Optimizing .tar.gz Archives by Changing File Order

A few weeks ago, I was doing something with a sizeable .tar.gz file, and wondered how the order of files affected the process. I'm not that knowledgable about compression, but I know that gzip uses a sliding window in which it looks for opportunities to compress repeating chunks of text. If you give it highly repetitive text, it does well, if you give it random data, it will probably give you a bigger file than when you started. So reordering files seems like it could matter.

This idea seems obvious enough someone else has probably explored it, but I decided to spend a few hours playing around with code, rather than investigate see if it's already been implemented.¹

I used my project StringMatching, for no reason beyod convenience. I cloned commit 0a4ad368d25c5af7d3d751f9e903abc8ae792dae from GitHub. I decided to remove the .git directory, because I thought it would be easier to guess about how the process treated text files. The resulting .tar is 337920 bytes, with the .tar.gz being 45768 bytes.

The code is on GitHub.

Attempts

For the attempts that involve some randomness, I did 10 runs, and captured the best, worse and average results. I did comparisons using the best result, since if you wanted to use these techniques, you could do multiple runs, and pick the best one.

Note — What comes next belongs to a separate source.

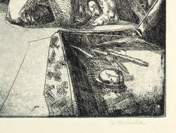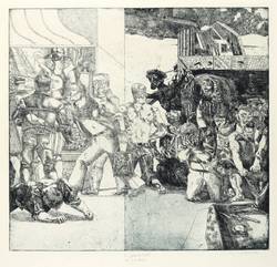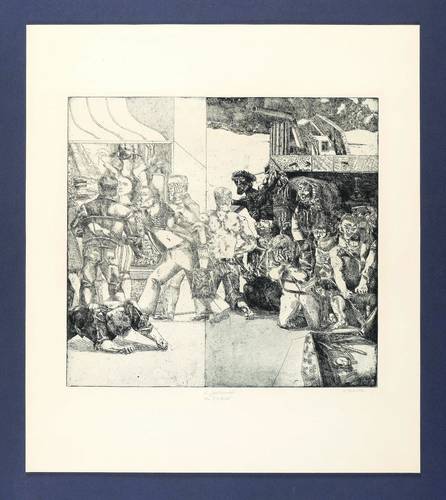 Ulrich Hachulla (*1943 Heydebreck / Oberschlesien, lebt und arbeitet in Leipzig). Deutscher Maler und Grafiker, namhafter Vertreter der sog. Leipziger Schule. Ab 1950 Zeichenunterricht bei dem Max-Liebermann-Schüler Hanns Markowski in Halle. 1963-68 Grundstudium an der Hochschule für Grafik und Buchkunst (HGB) in Leipzig bei Werner Tübke, Hans Mayer-Foreyt und Harry Blume. Dann bei Bernhard Heisig in der Fachklasse für Malerei und Freie Grafik. Ab 1968 freischaffend. 1972-74 Aspirantur und Meisterstudium bei Werner Tübke. 1974-76 Lehrauftrag, ab 1976 Leitung der Werkstatt für Radierung an der HGB. Seit 1978 Dozent, seit 1993 Professur für Radierung ebenda. Ab 2002 und bis zur Emeritierung 2008 Leitung der Grafikklasse der HGB.

Method	Best	Worst	Average	Difference
shuffled files	47819	49564	48802	+ 6.6%
most common token	46641	-	-	+ 1.9%
sorting by size	46431	-	-	+ 1.4%
python default	45890	-	-	+ 0.2%
shuffling files within directories	45771	46817	46466	+ 0.0%
tar -czvf	45768	-	-	-
swapping	45202	-	-	- 1.2%
swapping within directories	44959	46317	45840	- 1.8%

Shuffled Files: I shuffled a list of all found files, then added them to the archive.
Most Common Token: I applied a naive regex to split Java code into fragments that might sometimes correspond to tokens in Java syntax, then sorted files by their most common "token". In hindsight, not surprising this gave horrible results. Perhaps return is the most common token across arbitrary java files.
Shuffling Files Within Directories: Same as #1, except that we only shuffle within a directory, keeping all the files from that directory together.
Sort Files by Size: This one seems absurd. The fact that it ends up doing well may just be luck, though you could imagine that larger pieces of code have structural similarities.
Script With Default Ordering: I used the same process as my other attempts, without changing the order of files returned by walking the directories. I suspect the directory order is different than what tar uses, leading to a space increase, but I didn't check it.
tar -czvf: The baseline implementation. It makes sense that it does well relative to several other attempts. Files in the same package are likely to use many of the same imports, types and methods.
Swapping Adjacent Files A sort of bubble-sort lik algorithm. Starting with the files in their natural order, we try swapping files, then recreating the gzipped archive. If the result is smaller than our previous best result, we keep the swap, and try swapping the moved element with the one before it.
Swapping Adjacent Files After Shuffling Within Directories: Apply the same algorithm as in 5, but beforehand, shuffle files within directories, as in #3.

Does Any of This Matter?

No clue. It's hard to imagine these implementations are good for anything--the best results require doing at least O(n) calls to tar -czvf for an n-file archive. Google's zopfli algorithm spends major CPU time in exchange for moderate improvements in compressed file size, so a better implementation might be interesting. Lastly, I did one experiment on one library, so real-world results could be completely different.

Footnotes

Then I sat on my results for a few weeks before writing them up.↩